--- RECORDS FOR THE TASK Enclosed Below ---

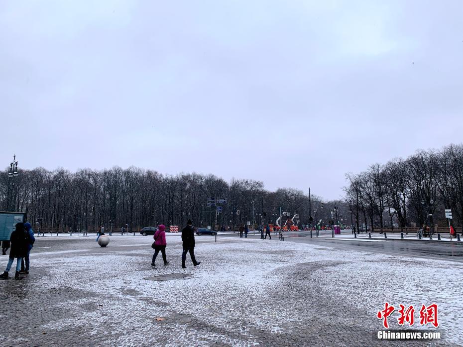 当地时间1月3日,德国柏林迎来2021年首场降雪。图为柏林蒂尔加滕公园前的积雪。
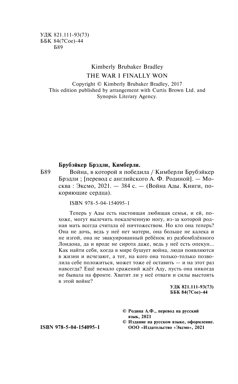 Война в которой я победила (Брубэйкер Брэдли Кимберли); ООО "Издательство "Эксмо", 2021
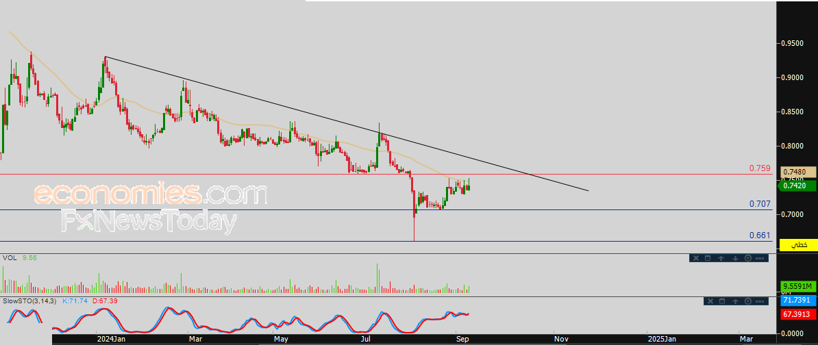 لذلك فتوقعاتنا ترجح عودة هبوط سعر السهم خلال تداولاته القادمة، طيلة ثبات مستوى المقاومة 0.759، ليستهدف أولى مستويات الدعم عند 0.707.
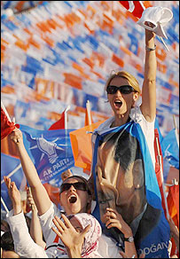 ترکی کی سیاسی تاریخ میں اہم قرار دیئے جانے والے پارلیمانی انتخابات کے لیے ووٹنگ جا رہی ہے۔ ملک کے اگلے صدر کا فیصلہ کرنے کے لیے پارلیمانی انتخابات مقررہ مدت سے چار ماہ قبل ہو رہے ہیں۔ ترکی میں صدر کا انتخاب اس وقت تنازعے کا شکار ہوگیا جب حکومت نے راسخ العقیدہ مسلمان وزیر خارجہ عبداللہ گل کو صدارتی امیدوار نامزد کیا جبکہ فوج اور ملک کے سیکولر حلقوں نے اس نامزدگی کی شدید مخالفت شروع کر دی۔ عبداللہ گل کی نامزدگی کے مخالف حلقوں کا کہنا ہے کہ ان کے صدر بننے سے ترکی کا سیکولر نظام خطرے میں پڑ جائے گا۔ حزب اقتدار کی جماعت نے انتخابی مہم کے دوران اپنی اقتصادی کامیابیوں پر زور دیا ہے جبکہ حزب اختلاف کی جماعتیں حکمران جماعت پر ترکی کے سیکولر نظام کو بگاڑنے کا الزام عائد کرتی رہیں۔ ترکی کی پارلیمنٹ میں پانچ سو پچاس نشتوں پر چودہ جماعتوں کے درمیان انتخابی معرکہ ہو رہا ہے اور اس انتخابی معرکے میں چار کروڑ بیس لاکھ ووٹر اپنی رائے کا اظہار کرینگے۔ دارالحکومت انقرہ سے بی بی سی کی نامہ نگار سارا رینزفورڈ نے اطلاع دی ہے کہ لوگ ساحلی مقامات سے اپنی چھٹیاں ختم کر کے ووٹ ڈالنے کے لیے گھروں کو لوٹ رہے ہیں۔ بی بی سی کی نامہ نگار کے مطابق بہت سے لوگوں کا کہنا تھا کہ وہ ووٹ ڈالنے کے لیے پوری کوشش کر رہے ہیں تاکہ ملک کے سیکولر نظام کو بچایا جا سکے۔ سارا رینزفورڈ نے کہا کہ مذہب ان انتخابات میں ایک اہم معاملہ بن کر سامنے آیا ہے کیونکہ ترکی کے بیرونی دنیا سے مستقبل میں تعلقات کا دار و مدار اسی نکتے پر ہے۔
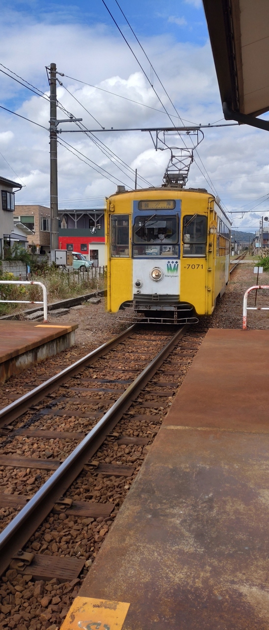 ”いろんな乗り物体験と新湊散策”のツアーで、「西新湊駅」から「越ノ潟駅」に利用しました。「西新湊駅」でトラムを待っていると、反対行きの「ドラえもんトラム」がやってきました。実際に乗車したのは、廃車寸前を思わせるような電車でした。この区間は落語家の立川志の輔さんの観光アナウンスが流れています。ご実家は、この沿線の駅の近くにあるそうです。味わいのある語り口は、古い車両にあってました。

--- End of Enclosed RECORDS FOR THE TASK ---

REQUIRED WORK:
What you return must match the lines above from the one with "Война в которой" through the one with "لذلك فتوقعاتنا ترجح" exactly, with both ends included and the pictures excluded.

EXERCISE SOLUTION:
 Война в которой я победила (Брубэйкер Брэдли Кимберли); ООО "Издательство "Эксмо", 2021
 لذلك فتوقعاتنا ترجح عودة هبوط سعر السهم خلال تداولاته القادمة، طيلة ثبات مستوى المقاومة 0.759، ليستهدف أولى مستويات الدعم عند 0.707.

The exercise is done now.